"I am going to do my best for Corrie, whatever happens. Please trust me so far, and if I have offended or seemed to fail in this letter, remember my past months in excuse.
"Allan Gerard."
Flavia laid down the sheet of paper. In that moment she suffered less from the destruction of her own happiness than from the destruction of Gerard's. This cry out of his anguish to the one for whom alone he had broken the stoical muteness in which he had wrapped his endured pain of mind and body, this self-revelation that was the difficult baring of a heart not used to show itself and avowal of weakness at the core of so much strength, drew from her an outrush of maternal protectiveness that rolled its flood above personal grief. If she could have sent Isabel to him, then, an Isabel worthy of the high trust and pathetic dignity in humility of that letter, she could have accepted her own sorrow. But she knew Isabel Rose, knew the vanity of that hope even as she tried to realize it.
"You know what Mr. Gerard wishes to say to you, to-morrow?" she asked composedly. If the composure was overdone, it was the error of a novice in acting.
The other girl shrank back.
"Yes—I——"
"Then, why do you not answer him? Surely, if you expected him to write this, you must answer him."
"I will not!" Isabel cried loudly and rebelliously. "I will not go, I will not see him hurt like that and hear him, hear him——" she broke off, fighting for breath. "Tell him to go away. I can't help it now, I can't see him. It's all over!"
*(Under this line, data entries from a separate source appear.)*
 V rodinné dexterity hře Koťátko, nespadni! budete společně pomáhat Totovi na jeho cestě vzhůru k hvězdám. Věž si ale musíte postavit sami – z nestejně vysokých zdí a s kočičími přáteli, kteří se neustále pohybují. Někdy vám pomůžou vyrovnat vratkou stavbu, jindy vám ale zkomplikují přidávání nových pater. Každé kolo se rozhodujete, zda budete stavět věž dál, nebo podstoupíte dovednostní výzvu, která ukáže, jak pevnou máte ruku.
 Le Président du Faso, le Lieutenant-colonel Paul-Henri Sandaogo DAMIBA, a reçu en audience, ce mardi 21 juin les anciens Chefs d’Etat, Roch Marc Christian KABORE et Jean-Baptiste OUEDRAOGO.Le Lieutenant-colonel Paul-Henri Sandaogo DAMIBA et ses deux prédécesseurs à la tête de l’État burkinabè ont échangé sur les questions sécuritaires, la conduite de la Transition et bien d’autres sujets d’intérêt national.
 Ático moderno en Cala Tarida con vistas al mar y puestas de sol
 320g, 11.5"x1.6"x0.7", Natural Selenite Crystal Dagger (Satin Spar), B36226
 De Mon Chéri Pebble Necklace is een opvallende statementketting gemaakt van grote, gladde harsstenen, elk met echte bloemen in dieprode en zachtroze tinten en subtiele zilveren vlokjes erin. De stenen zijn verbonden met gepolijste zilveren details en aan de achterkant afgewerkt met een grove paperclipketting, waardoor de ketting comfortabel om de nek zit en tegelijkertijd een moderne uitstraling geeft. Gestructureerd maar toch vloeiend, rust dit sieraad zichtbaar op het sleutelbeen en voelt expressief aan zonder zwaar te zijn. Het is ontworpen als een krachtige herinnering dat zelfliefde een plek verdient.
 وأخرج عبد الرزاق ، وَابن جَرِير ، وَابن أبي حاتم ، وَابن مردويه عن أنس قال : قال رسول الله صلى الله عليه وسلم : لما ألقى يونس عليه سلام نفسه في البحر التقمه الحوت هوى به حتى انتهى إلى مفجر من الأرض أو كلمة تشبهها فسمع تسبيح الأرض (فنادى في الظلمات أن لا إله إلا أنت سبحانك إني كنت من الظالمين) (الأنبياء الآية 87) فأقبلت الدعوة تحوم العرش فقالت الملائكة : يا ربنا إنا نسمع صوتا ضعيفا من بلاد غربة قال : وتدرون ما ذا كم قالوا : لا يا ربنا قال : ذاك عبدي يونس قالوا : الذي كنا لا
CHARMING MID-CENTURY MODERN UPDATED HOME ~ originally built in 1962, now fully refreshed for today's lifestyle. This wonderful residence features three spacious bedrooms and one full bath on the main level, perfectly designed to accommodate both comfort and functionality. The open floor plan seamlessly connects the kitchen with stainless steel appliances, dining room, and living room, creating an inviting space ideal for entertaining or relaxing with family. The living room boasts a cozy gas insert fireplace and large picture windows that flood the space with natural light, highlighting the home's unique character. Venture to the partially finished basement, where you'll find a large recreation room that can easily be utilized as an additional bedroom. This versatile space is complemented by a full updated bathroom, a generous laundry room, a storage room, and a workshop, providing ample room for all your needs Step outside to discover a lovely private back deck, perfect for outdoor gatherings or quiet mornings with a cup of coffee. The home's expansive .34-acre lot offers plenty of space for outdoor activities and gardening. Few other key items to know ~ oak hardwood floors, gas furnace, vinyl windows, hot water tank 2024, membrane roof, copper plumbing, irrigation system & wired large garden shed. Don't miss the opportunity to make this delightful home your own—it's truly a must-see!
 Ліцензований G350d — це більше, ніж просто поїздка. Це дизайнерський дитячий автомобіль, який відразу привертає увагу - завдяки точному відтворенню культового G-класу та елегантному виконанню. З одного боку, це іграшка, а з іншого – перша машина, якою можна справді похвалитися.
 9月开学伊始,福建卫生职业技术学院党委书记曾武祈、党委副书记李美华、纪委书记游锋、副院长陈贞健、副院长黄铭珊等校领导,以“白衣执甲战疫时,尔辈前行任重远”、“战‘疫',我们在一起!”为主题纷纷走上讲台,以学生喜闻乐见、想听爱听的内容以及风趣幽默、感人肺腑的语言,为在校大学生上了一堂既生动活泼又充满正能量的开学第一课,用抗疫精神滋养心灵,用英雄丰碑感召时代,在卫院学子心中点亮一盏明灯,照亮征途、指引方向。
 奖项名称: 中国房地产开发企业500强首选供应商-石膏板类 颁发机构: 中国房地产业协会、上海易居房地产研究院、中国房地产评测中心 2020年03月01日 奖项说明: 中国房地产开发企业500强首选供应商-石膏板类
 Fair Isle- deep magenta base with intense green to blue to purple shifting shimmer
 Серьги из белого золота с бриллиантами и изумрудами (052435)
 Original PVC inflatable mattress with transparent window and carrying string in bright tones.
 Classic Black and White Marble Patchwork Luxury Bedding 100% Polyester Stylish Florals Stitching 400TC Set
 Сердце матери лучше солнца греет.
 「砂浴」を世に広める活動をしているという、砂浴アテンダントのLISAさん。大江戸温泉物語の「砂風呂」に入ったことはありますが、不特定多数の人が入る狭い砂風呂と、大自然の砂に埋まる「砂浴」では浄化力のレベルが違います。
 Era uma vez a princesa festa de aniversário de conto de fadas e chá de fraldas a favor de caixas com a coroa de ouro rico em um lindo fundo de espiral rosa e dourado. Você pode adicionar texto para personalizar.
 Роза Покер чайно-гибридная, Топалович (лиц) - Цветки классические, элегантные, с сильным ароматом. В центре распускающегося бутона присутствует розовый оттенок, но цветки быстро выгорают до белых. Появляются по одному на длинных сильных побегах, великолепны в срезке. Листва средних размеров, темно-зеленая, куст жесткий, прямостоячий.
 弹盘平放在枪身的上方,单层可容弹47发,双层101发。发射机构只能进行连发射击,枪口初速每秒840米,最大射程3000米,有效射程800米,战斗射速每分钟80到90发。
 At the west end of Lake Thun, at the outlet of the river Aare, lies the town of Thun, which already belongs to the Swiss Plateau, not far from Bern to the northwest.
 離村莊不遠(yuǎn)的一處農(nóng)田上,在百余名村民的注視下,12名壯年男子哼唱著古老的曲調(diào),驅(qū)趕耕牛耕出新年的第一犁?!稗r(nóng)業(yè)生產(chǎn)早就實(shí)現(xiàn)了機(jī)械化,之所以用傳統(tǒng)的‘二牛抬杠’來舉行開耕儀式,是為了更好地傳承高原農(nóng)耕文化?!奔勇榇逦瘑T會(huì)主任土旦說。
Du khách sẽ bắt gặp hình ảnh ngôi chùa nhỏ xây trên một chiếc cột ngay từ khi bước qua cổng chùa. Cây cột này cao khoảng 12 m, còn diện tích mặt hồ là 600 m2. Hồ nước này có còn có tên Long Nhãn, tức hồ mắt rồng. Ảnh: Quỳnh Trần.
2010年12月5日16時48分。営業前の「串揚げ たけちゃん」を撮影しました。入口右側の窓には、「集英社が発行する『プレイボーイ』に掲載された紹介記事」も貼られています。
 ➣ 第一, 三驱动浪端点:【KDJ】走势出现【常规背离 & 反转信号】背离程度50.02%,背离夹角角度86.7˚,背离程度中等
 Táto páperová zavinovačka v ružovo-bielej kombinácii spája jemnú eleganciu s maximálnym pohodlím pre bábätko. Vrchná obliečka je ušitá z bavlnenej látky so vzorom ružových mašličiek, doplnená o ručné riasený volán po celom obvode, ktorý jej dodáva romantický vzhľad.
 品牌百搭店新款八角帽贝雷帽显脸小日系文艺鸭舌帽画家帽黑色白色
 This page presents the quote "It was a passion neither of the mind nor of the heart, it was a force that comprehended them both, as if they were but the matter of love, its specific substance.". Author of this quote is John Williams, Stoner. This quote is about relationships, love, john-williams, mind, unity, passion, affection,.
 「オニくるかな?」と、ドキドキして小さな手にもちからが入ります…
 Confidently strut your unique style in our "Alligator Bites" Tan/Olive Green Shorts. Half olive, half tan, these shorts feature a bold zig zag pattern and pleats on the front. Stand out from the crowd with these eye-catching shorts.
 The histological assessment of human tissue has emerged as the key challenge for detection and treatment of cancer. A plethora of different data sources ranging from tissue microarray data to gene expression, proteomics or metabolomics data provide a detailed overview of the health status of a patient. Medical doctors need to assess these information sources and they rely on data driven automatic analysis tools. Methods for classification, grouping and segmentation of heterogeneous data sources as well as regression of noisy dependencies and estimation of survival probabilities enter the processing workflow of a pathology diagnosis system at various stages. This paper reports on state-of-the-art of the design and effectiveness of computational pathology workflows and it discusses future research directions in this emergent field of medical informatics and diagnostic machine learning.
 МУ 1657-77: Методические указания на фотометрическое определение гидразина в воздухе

This was the woman Allan Gerard had chosen, Flavia thought in bitter wonder; this self-centred, hysterical girl whose love could not survive the marring of her lover's outward beauty. Isabel could not bear to go to him; the irony of it sank deep into the girl who could scarcely bear to stay away. But Flavia turned to the mute Rupert, holding her dignity steadily above her pitiful confusion of mind, striving, also, to ease this blow to Gerard, who was so little fit to receive it.
"Pray inform Mr. Gerard that Miss Rose is unwell and hardly able to answer his letter now," she directed. "I hope she will be able to accompany Mr. Corwin Rose, to-morrow morning, as he suggests."